Firestone Live, Orlando, Fl • May 16, 2010

Cage the Elephant may have put out one of the most innovative albums to come across my personal radar in 2009, but the number of fans willing to shell out $20 to see a new band with only one album under their belt still surprised me.

Cage the Elephant
Jen Cray
Cage the Elephant

Firestone Live was uncomfortably packed for what I had thought was a relatively unknown, genre-juggling band from middle America (Kentucky), whose success seems to have spread by word of mouth and blogging. Who knew that so many Central Florida listeners were hip to the band’s funky, punky, garage-y indie rock sound?

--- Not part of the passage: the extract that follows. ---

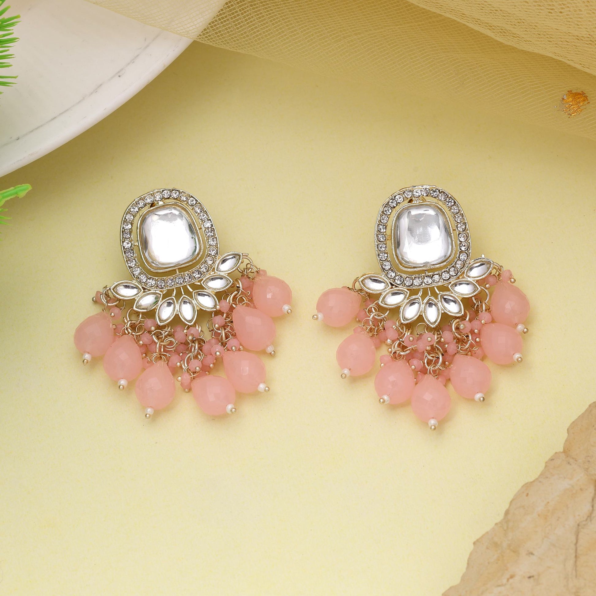 Rosafarbene Kundan-Ohrringe mit zarter Steinfassung, perfekt für Hochzeiten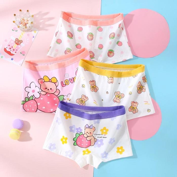 [PROMO] CELANA DALAM ANAK PEREMPUAN SEGI EMPAT 1 PAKET ISI 4PCS BAHAN KATUN MOTIFSTRAWBERRY BEAR M

Also surprising – how well-received the two openers were by the masses. Autovaughn played unoffensive (and unmemorable) pop rock of the adult contemporary variety (like Goo Goo Dolls, or Keane without the addiction issues) which I didn’t enjoy but would have welcomed back to the stage gladly in exchange for the following band, Morning Teleportation.

Morning Teleportation
Jen Cray
Morning Teleportation

An explosion of hippie jam-banding led by a lead singer wearing a Hawaiian shirt, polka-dot boxers, and a baseball cap with a giant flower on the front, this was a clusterfuck of wrongness that I just Did. Not. Get. They had a whole myriad of instruments including a talk box, a tambourine (worn, for one song, on the bass player’s head), chimes, and a trumpet. It was all so disjointed and everything-but-the-kitchen-sink. They gave the room a very tripped out psychedelic and freaky vibe, maybe I just wasn’t drunk enough to find the groove.

Cage the Elephant
Jen Cray
Cage the Elephant

Cage the Elephant did not require such hard work to enjoy, or even understand. As discombobulated as their sound can be – imagine Red Hot Chili Peppers, Beck, Rolling Stones, and Violent Femmes tossed in a blender – the melodies are easy to hear and the choruses beg to be sung to. At the front of it all lies Matt Shultz, the mop-topped vocalist who’s a spastic spin-top set in motion by the first drum beat and whose revolutions only stop for a quick breath of air at the close of each song. He’s the kind of front man who makes seeing the band a joy to both the eyes and the ears. Vocally he doesn’t have to do much other than white boy rap and scream on occasion, so his boundless energy adds a much required special something to his vocal delivery.

Cage the Elephant
Jen Cray
Cage the Elephant

With just the one album to pull from, the set list was pretty much their self-titled debut on shuffle, but reanimated in person thanks to not only the band’s efforts, but the audience’s unexpected enthusiasm. Even at the back bars, far from the usual “raving fans” who set up camp in crowded packs in front of the stage, folks were singing along to “Back Stabbin’ Betty,” “Back Against the Wall,” and the hit single “Ain’t No Rest for the Wicked.”

Cage the Elephant
Jen Cray
Cage the Elephant

The only setback to the band’s show was the relative enormity to the stage and the wide gap between it and the crowd. Shultz seemed desperate to be in the crowd as opposed to above it. I would have loved to have seen this same show in one of the more in-your-face venues like The Social or BackBooth, where the only barrier between band and fans is a two-foot drop. This guy wanted to sweat on his fans and, by the looks of it, the fans would have loved every second of it. At the close of the final song, “Saber Tooth Tiger,” he took the leap and flew into the hands of the ecstatic fans.

Cage the Elephant proved that while you may try to contain the animal, there’s nothing like a room full of screaming fans to set that beast free!